Reinhild didn’t have the energy to scream. She didn’t have the energy to cry, or feel anything but the cold chills of quiet resignation. She looked at her left arm and flexed her hand as whatever profane power she had almost reacquired left her again, her runes fading from blazing insignia to pale scars.

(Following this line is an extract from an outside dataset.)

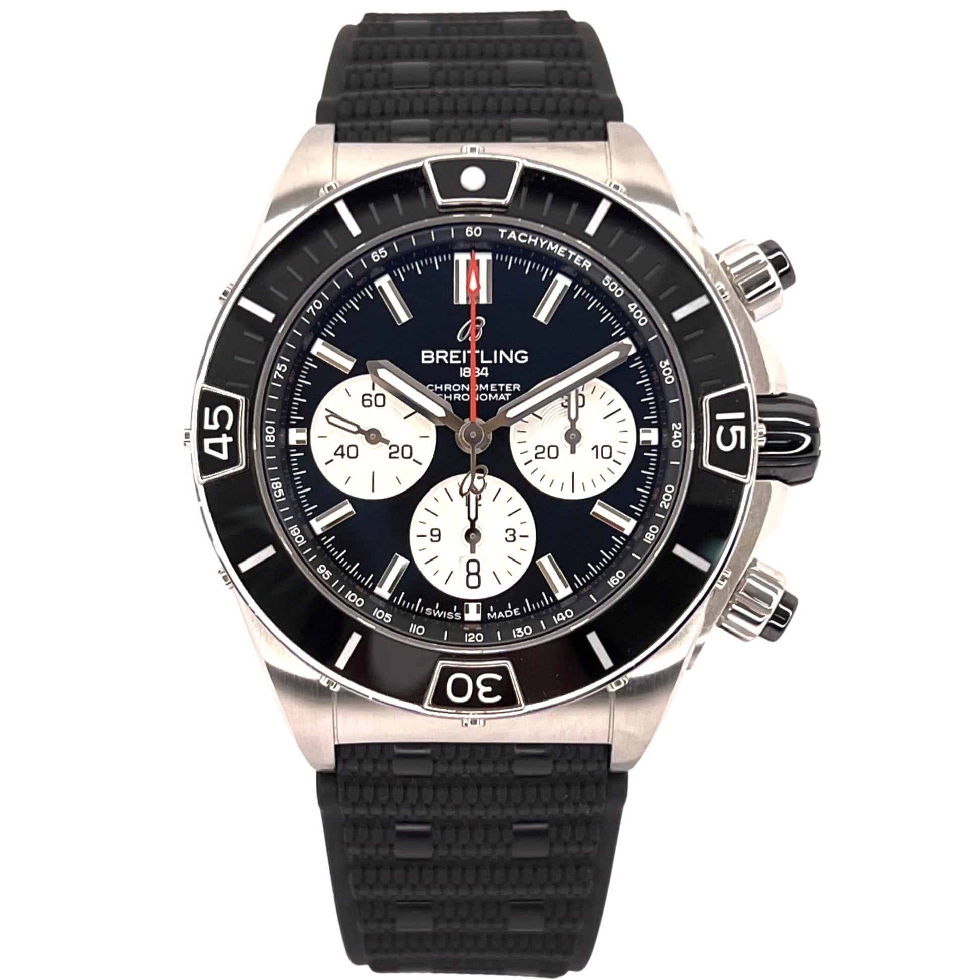 Breitling Super Chronomat B01 44mm Black Dial Rubber Strap AB0136251B1S1

Outside, war raged. Ballistae made whipping sounds, and tremors of catapult ammunition battering against the walls shook the entire city. There was screaming outside as Knights of Sunlight clashed with the mercenary warlords of Autumn. There was the flapping of wings as Angels picked off the injured on both sides, dragged them onto the rooftops to devour them.

Fox,” someone behind her spoke with a voice dripping with magic. Reinhild didn’t reply. She was stuck in a haze. A man with more severe burn wounds than skin clad in black and gold robes singed with fire passed her by, dragging a blonde girl in purple robes behind him. She thrashed around, making moaning sounds. As he threw her against the wall, Reinhild saw that where her mouth ought to be was only smooth skin.

“Wha?” Reinhild stammered.

Before her, the man took out a vial with gray liquid. He anointed his tongue with it, then locked eyes with the dead Autumn.

End,” The Poet-King of the Lands Lost commanded, and thus came the End of All Things.